# TASK DESCRIPTION
Make an exact transcript of the lines in the data below, starting with the one containing "- need Ving" and going on through the one containing "Featuring a sage", with both included and the pictures left out.

# RECORDS TO USE
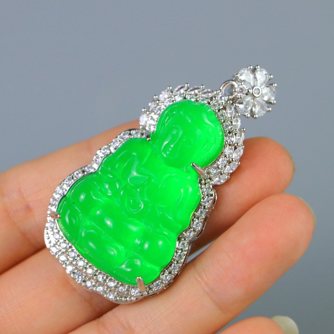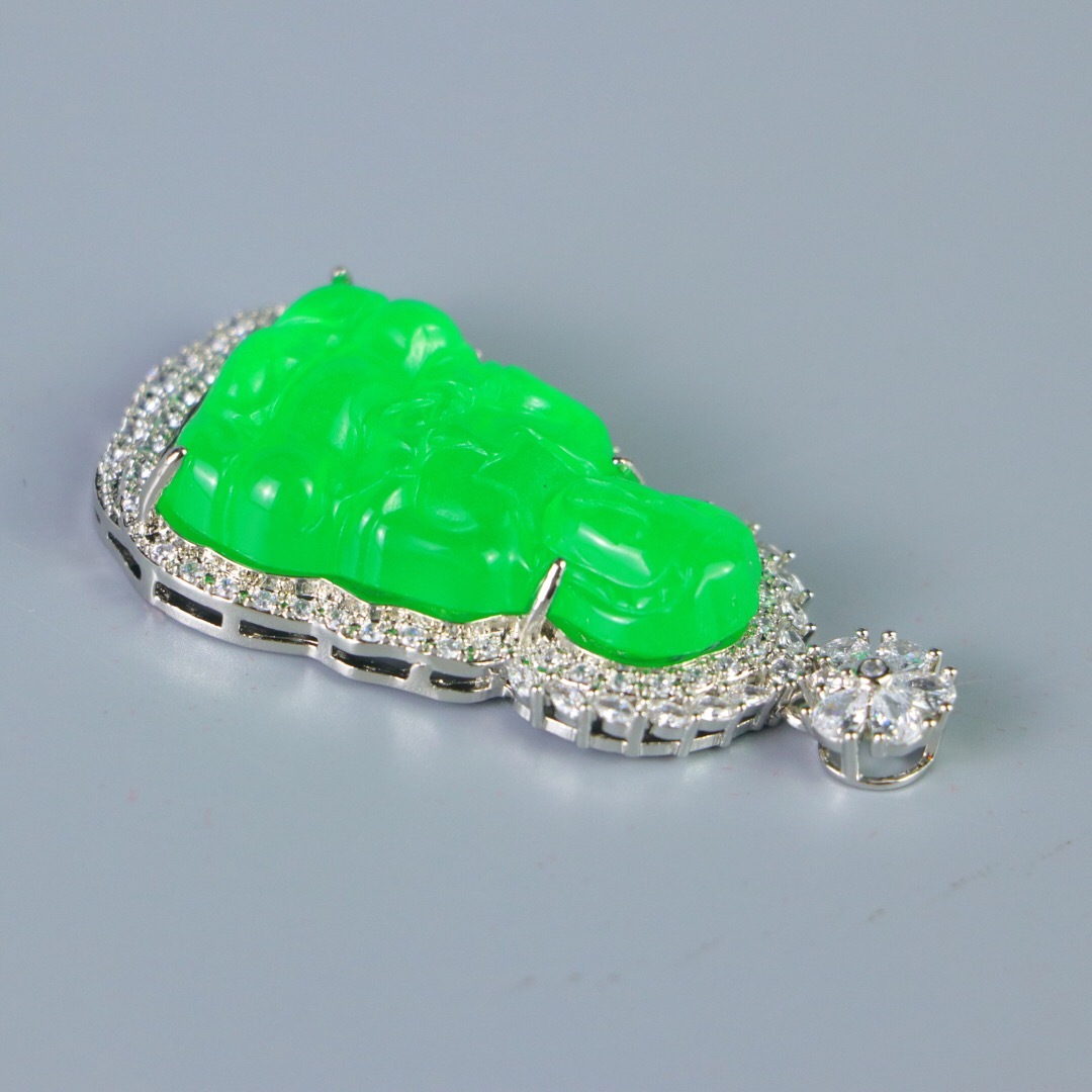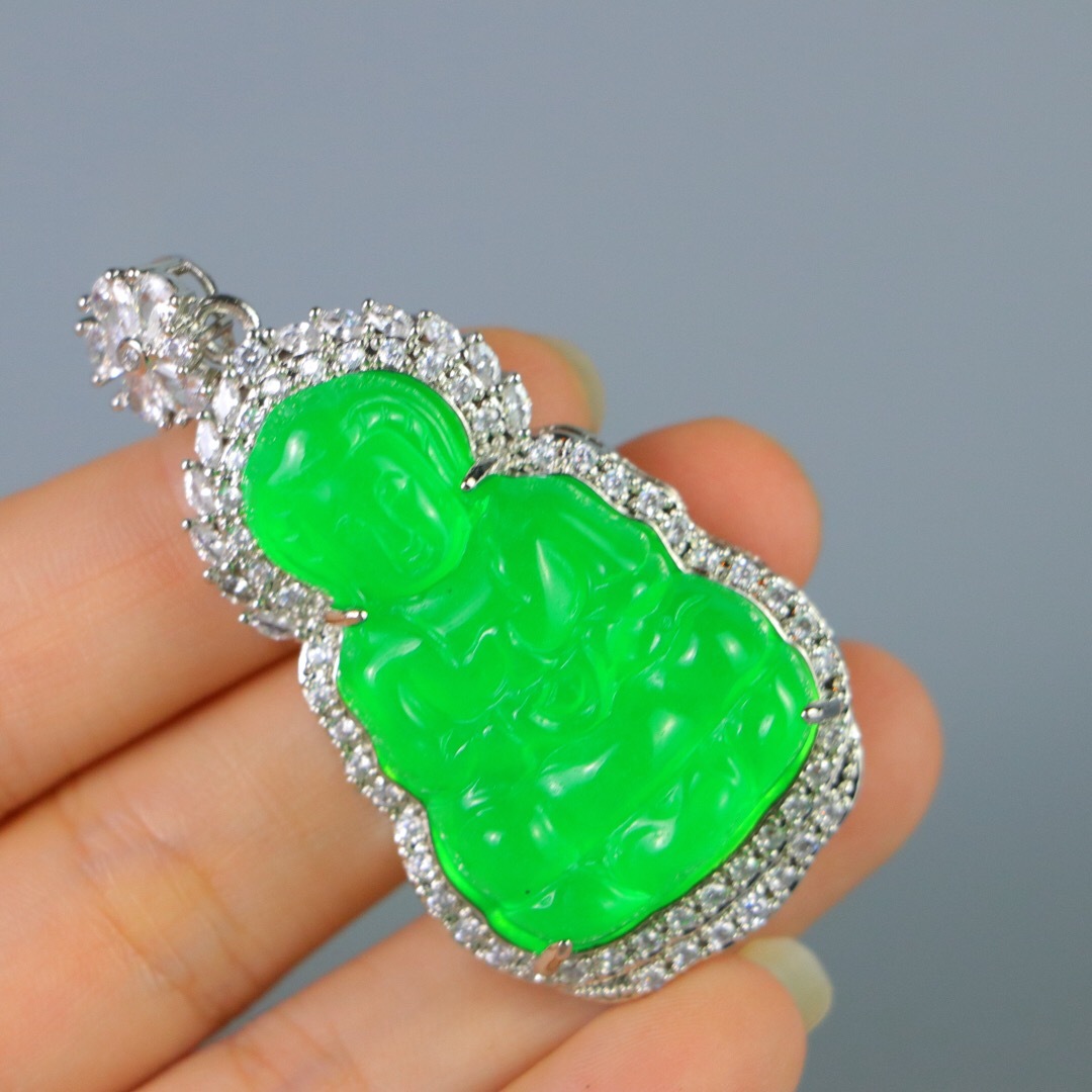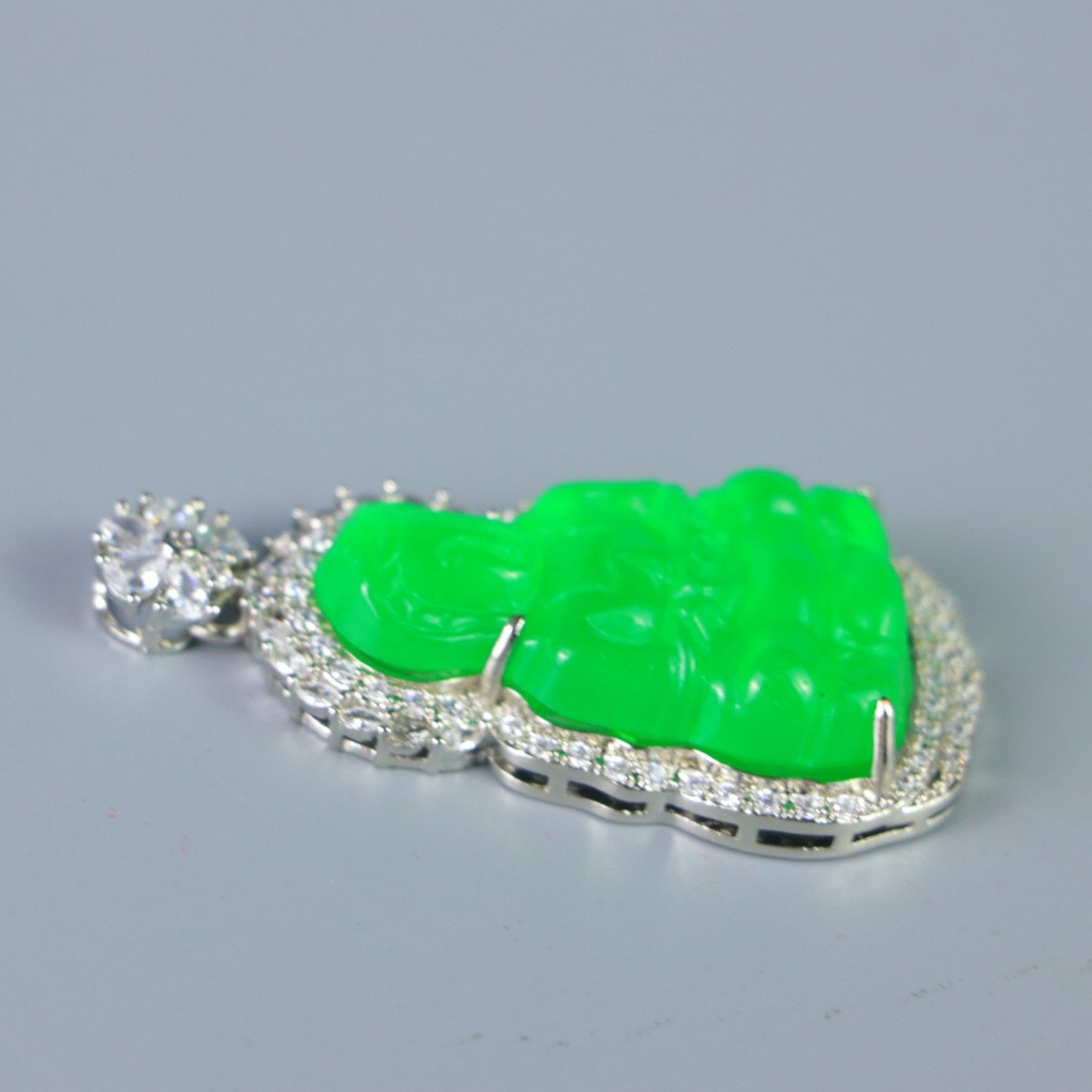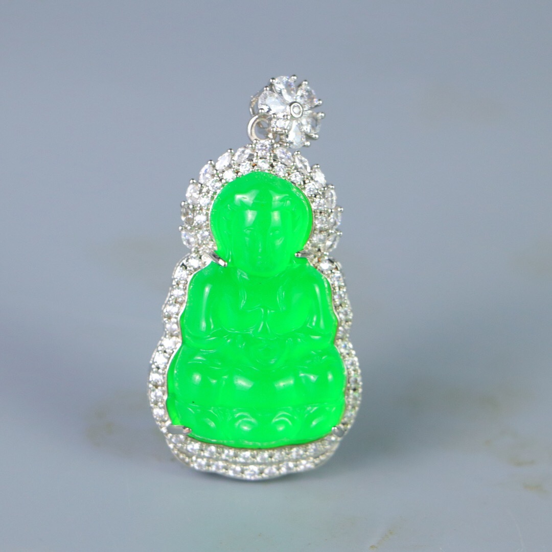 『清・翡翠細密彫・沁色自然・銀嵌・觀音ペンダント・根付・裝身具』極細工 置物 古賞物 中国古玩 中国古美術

--

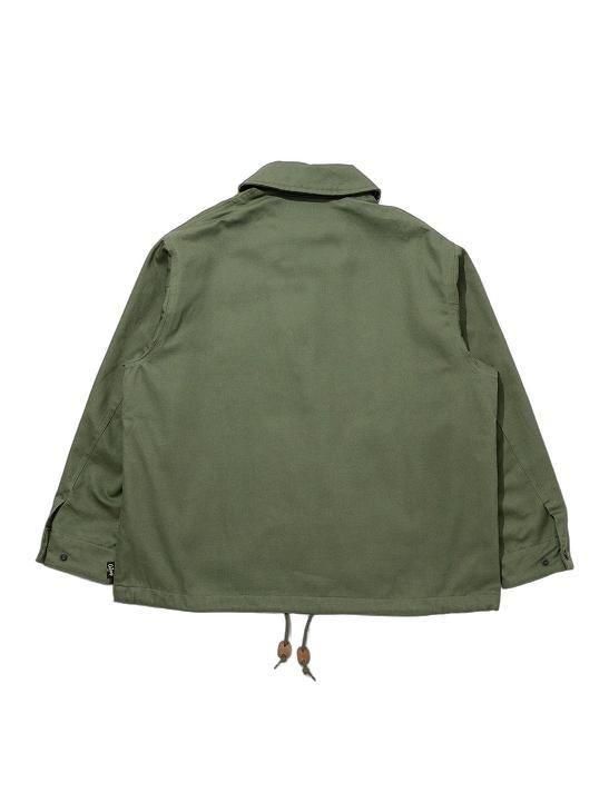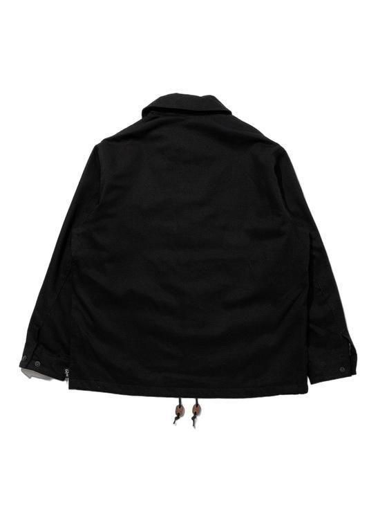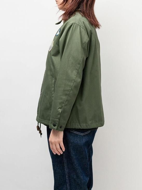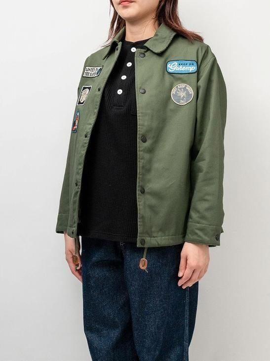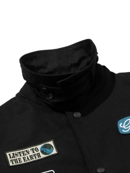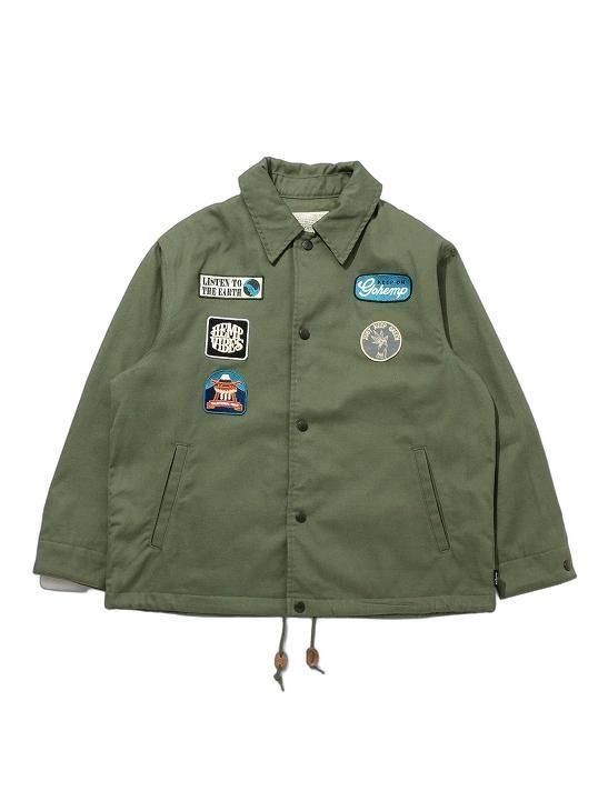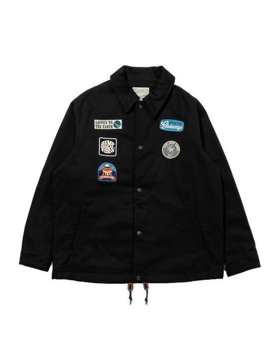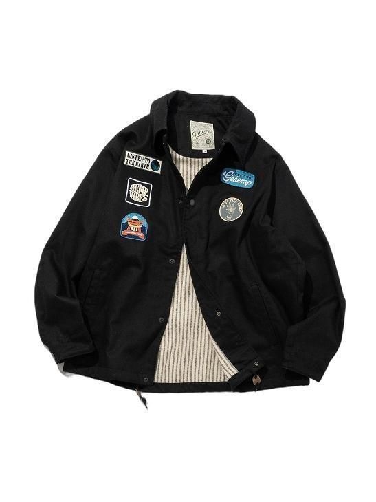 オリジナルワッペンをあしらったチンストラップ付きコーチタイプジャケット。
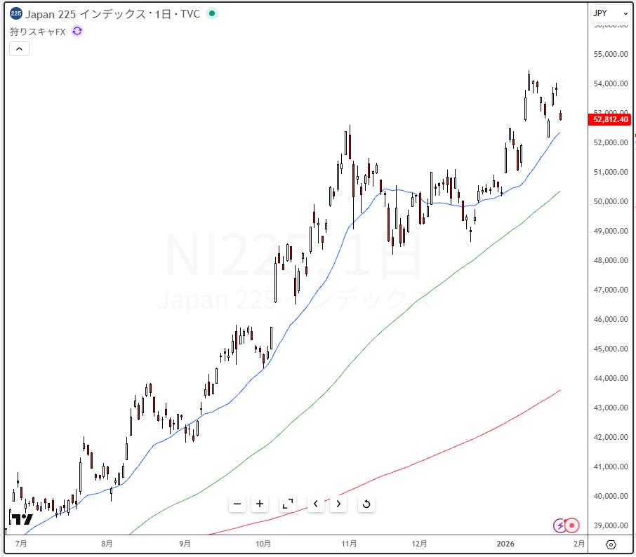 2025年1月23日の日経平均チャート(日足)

--

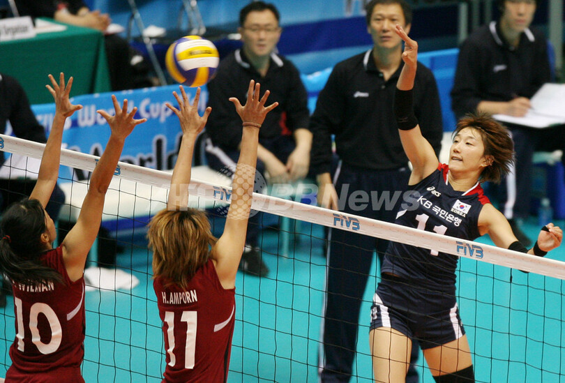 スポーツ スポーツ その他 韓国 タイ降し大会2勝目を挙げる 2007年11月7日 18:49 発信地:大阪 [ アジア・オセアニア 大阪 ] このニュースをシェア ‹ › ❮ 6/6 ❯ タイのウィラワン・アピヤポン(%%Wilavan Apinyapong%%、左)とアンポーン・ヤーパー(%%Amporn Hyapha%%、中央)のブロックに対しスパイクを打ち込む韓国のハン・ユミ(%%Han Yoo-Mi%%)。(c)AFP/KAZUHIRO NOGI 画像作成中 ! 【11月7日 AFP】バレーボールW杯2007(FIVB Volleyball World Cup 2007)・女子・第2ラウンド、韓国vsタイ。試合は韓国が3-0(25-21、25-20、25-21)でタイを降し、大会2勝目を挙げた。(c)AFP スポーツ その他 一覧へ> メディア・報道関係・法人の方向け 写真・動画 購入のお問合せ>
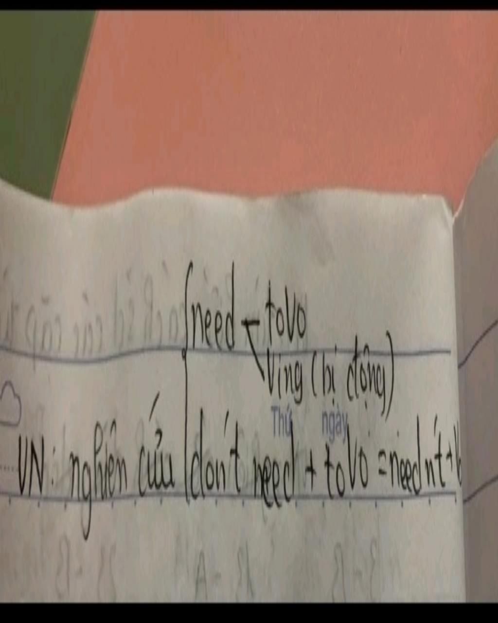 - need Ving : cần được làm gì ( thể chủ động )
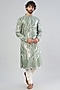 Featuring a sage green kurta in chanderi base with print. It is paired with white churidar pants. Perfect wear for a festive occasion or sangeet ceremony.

# EXERCISE SOLUTION
 - need Ving : cần được làm gì ( thể chủ động )
 Featuring a sage green kurta in chanderi base with print. It is paired with white churidar pants. Perfect wear for a festive occasion or sangeet ceremony.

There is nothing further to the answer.